Please use this identifier to cite or link to this item: https://observatorio.fm.usp.br/handle/OPI/33129
Title: Persistent Poor Metabolic Profile in Postmenopausal Women With Ovarian Hyperandrogenism After Testosterone Level Normalization
Authors: ROCHA, ThaisCRESPO, Raiane P.YANCE, Viviane V. R.HAYASHIDA, Sylvia A.BARACAT, Edmund C.CARVALHO, FilomenaDOMENICE, SorahiaMENDONCA, Berenice B.GOMES, Larissa G.

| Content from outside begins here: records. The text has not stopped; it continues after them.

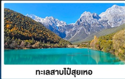
ทะเลสาบโป๋สยเหอ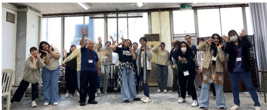
4月26日ダンスワークショップ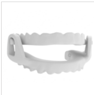
Limitación de apertura

LAS SIGUIENTES CARACTERÍSTICAS PODRÁN SER CONFIGURADAS POR EL ODONTÓLOGO.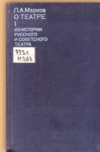
Марков, П.А. О театре : в 4 т. / П. А. Марков. - Москва : Искусство, 1974 – 1977. - 4 т.

Четырехтомник Маркова отражает особенности развития театральной науки, а также развитие взглядов самого автора. Создававшиеся в различное время, работы Маркова обусловлены этим временем и несут на себе его отпечаток.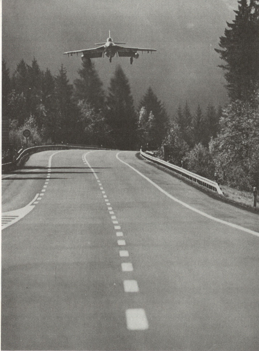
Nicht nur Autobahnen, auch Nationalstrassenabschnitte 2. Klasse eignen sich für Notstarts und Landungen mit Kampfflugzeugen.

personal des BAMF besetzt, wie etwa Chefmechaniker, Flugsicherungspersonal, Kontrolleure, technische Offiziere usw. Pro Flugplatzabteilung sind – je nach Flugzeugtyp und Flugplatz – 17 bis 27, pro Flugplatzregiment 70 bis 90 solcher Spezialisten eingeteilt. Weitere 10 bis 20 stehen als Fachlehrer der Flugplatzabteilung im Kadervorkurs und vor Beginn des Flugbetriebes für die Ausbildung zur Verfügung.

Citation: JOURNAL OF THE ENDOCRINE SOCIETY, v.3, n.5, p.1087-1096, 2019
Abstract: Context: Data on prevalence of metabolic risk factors in hyperandrogenic postmenopausal women are limited. Also, the correlation between metabolic disorders and androgen excess in this scenario is poorly understood. Objectives: We aimed to assess the prevalence of obesity, hypertension, type 2 diabetes (T2D), and dyslipidemia (DLP) in postmenopausal women with hyperandrogenism of ovarian origin before and after surgical normalization of testosterone (T) levels, as well as the impact of androgen normalization on body mass index (BMI), glucose, and lipid metabolism. Design: Retrospective study. Setting: Tertiary health center. Participants: Twenty-four Brazilian women with postmenopausal hyperandrogenism who underwent bilateral oophorectomy between 2004 and 2014 and had histologically confirmed virilizing ovarian tumor (VOT) or ovarian hyperthecosis (OH) and T-level normalization after surgery were selected. Main Outcome Measures: FSH, LH, total and calculated free T, BMI, fasting plasma glucose (FPG), glycated hemoglobin (HbA1c), total cholesterol, high-density lipoprotein cholesterol (HDL-C), low-density lipoprotein cholesterol (LDL-C), and triglyceride (TG) serum levels were accessed before (n = 24) and 24 months after (n 5 19) bilateral oophorectomy. Results: At baseline, the overall prevalence rates of obesity, T2D, DLP, and hypertension were 58.3%, 83.3%, 66.7%, and 87.5%, respectively. No significant difference in prevalence was found between patients with OH and VOTs. At follow-up, FSH, LH, and total and free T levels had returned to menopausal physiologic levels, but mean BMI and mean FPG, HbA1c, LDL-C, HDL-C, and TG levels did not differ from baseline. Conclusions: Postmenopausal hyperandrogenism is associated with adverse metabolic risk. Longterm normalization of testosterone levels did not improve BMI, glucose, or lipid metabolism.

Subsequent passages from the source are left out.